## Regularized Linear Regression

#### Cost function

The cost function for regularized linear regression is:

$\displaystyle J(\theta) = \dfrac{1}{2m}\ \sum_{i=1}^m (h_\theta(x^{(i)}) - y^{(i)})^2 + \frac{\lambda}{2m} \ \sum_{j=1}^n \theta_j^2$

The gradient descent algorithm for regularized linear regression is:

\begin{aligned} & \text{Repeat}\ \lbrace \\ & \ \ \ \ \theta_0 := \theta_0 - \alpha\ \frac{1}{m} \sum\limits_{i=1}^{m}\left((h_\theta(x^{(i)}) - y^{(i)}) x^{(i)}_{0}\right) \\ & \ \ \ \ \theta_j := \theta_j - \alpha\ \left[ \frac{1}{m} \sum\limits_{i=1}^{m}\left((h_\theta(x^{(i)}) - y^{(i)}) x^{(i)}_{j}\right) + \frac{\lambda}{m}\theta_j \right] &\ \ \ \ \ \ \ j \in \lbrace 1,2...n\rbrace\\ & \rbrace \end{aligned}

After some manipulation, this can be written as:

\begin{aligned} & \text{Repeat}\ \lbrace \\ & \ \ \ \ \theta_0 := \theta_0 - \alpha\ \frac{1}{m} \sum\limits_{i=1}^{m}\left((h_\theta(x^{(i)}) - y^{(i)}) x^{(i)}_{0}\right) \\ & \ \ \ \ \theta_j := \theta_j \ \Big( 1 - \alpha \ \frac{\lambda}{m} \Big) - \alpha\ \frac{1}{m} \sum\limits_{i=1}^{m}\left((h_\theta(x^{(i)}) - y^{(i)}) x^{(i)}_{j}\right) &\ \ \ \ \ \ j \in \lbrace 1,2...n\rbrace\\ & \rbrace \end{aligned}

In the algorithm step, for the first term $\Big( 1 - \alpha \ \frac{\lambda}{m} \Big)$ will always be less than 1 since $\alpha,\lambda,m>0$. Intuitively we can see it as reducing the value of $\theta_j$ by some amount on every update.
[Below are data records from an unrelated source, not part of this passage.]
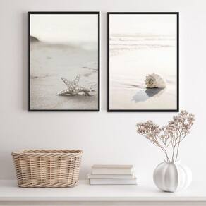 Kit 2 quadros praia branco e bege- concha e estrela 24x18cm Moldura: madeira preta Informações do produto tire todas as suas dúvidas no descritivo abaixo: decoração para quarto, sala, cozinha, escritório, área gourmet e muito mais. Chega de paredes vazias medidas - cada peça tem 24x18cm a5 . Material do papel - papel fotográfico brilhante de altíssima resolução acabamento - todos os quadros são acompanhados de uma película de acetato para proteção da imagem. - os quadros são embalados de forma segura com plástico bolha com camada dupla de acordo com o tamanho dos quadros. Garantia - garantia de 3 meses. Meu quadro chegou. Como posso fixá-lo Você precisa apenas de um martelo e um prego, pois os quadros já vão acompanhados de penduradores. Esta é a forma mais indicada. Caso prefira, você pode utilizar uma fita dupla face neste caso, sugerimos de alta qualidade para evitar que descole e seu quadro caia . Como posso limpar meu quadro A limpeza é feita como um móvel comum da sua casa. Apenas um pano seco ou espanador são suficientes para tal Ean: 7895072177766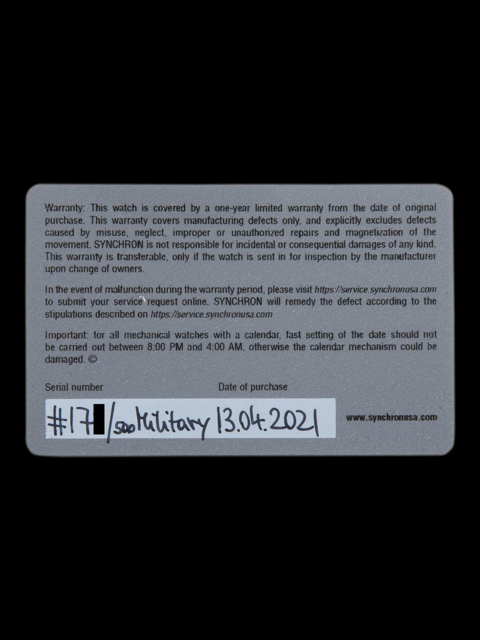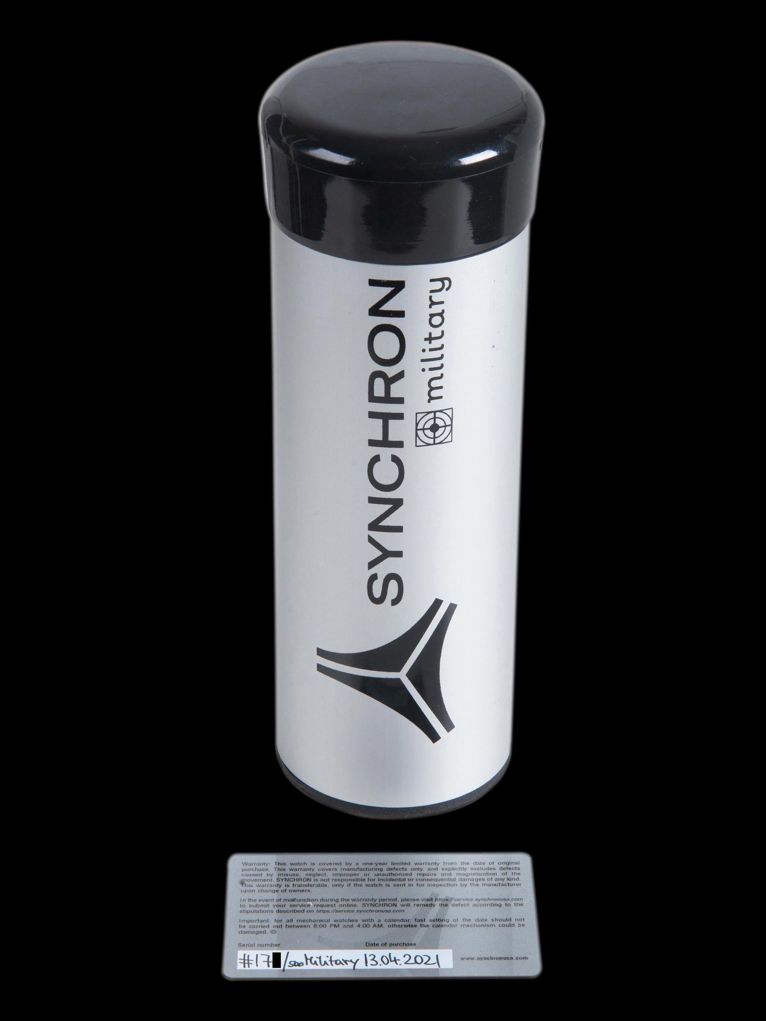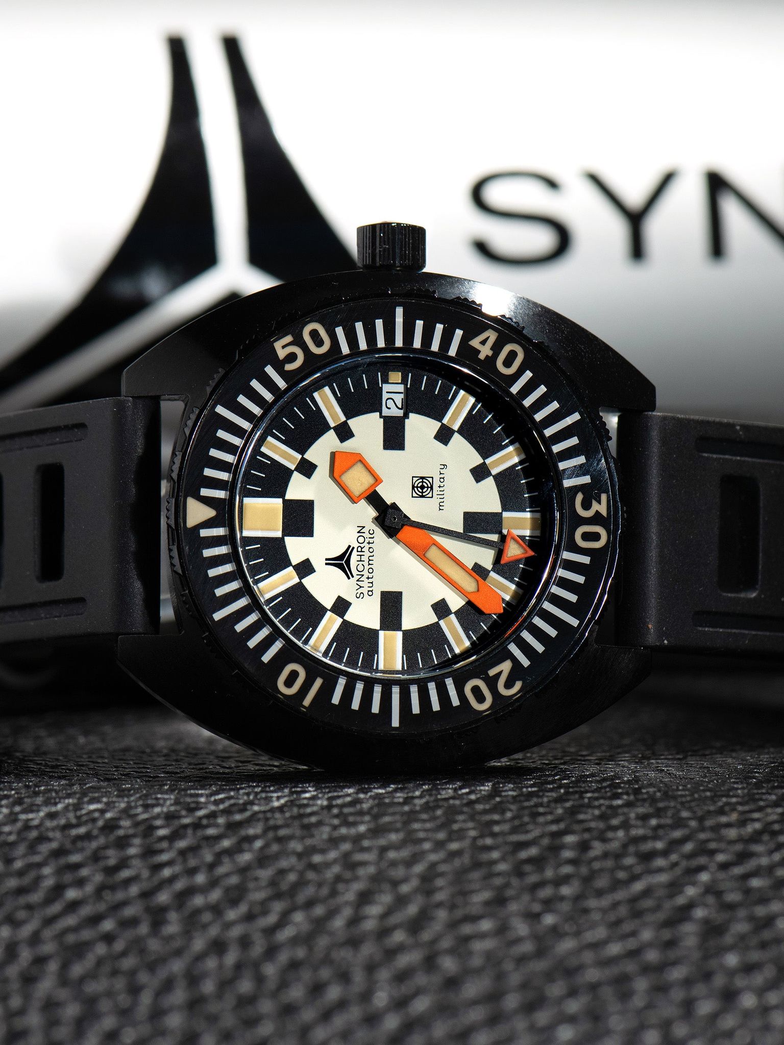 Introduced in 2021, the Synchron Military PVD case is a faithful modern revival of the iconic Doxa Army, a professional dive watch originally developed in the early 1970s. Synchron, the Swiss watch group that once owned Doxa alongside brands like Cyma and Ernest Borel, drew directly from this heritage design, preserving the bold dial layout, distinctive handset, and rugged tool-watch aesthetic of the original. With its matte PVD-coated case, robust build, and upgraded modern materials, the Synchron Military captures the spirit of the vintage Doxa Army almost perfectly, bringing a legendary dive watch into the modern era without losing its soul. A total of 500 examples of the Military were created, with a split production between the stainless steel and PVD variants.
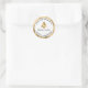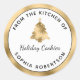 Bordure d'or et Arbre de Noël "De la cuisine de" Sticker de produit rond classique personnalisé pour les réserves faites maison ou les produits de boulangerie... Faites-vous des pâtisseries ou des confitures maison pour des cadeaux de vacances cette année ? Notre autocollant cadeau de vacances/étiquette affiche une élégante bordure en feuille d'or autour du texte : "De la cuisine de" et "Votre nom." Vous pouvez facilement changer votre nom et le nom du produit sur le modèle de personnalisation.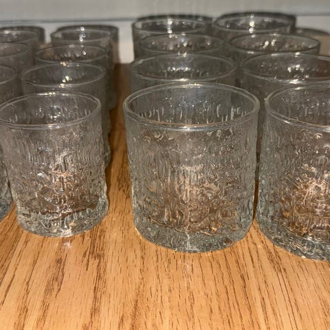 Shotglas i glas med gulddekor upptill och tryck med olika spritmotiv på utsidan. Setet består av flera små glas som lämpar sig för servering av snaps eller andra starka drycker. Passar för dukning, barservering eller som samlarobjekt för den som gillar glas med etikettmotiv.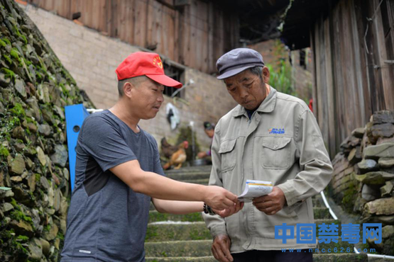 图为志愿者为村民科普毒品相关知识。中国禁毒网发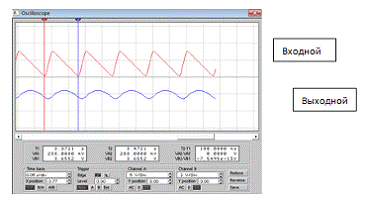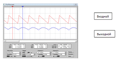 осциллографа, так как это показано на рисунке 3.4. Рис. 3.4. Осциллограммы входного и выходного

Notice that the second term is now exactly the same as it was before.

#### Normal Equation

Now let's use regularization for the non-iterative normal equation method.

To add in regularization, the equation is the same as our original, except that we add another term inside the parentheses:

\begin{aligned} & \theta = \left( X^TX + \lambda \ L \right)^{-1} X^Ty \\ & \text{where}\ \ L = \begin{bmatrix} 0 & & & & \\ & 1 & & & \\ & & 1 & & \\ & & & \ddots & \\ & & & & 1 \end{bmatrix}_{(n+1) \ \times \ (n+1)} \end{aligned}

Intuitively, $L$ this is the identity matrix (though we are not including $x_0$), multiplied with a single real number $\lambda$.

Recall that in some cases (e.g., $m < n$), $X^TX$ could be non-invertible. However, it can be shown that when we add the term $\lambda \cdot L$, then $(X^TX + \lambda \cdot L)$ is always invertible.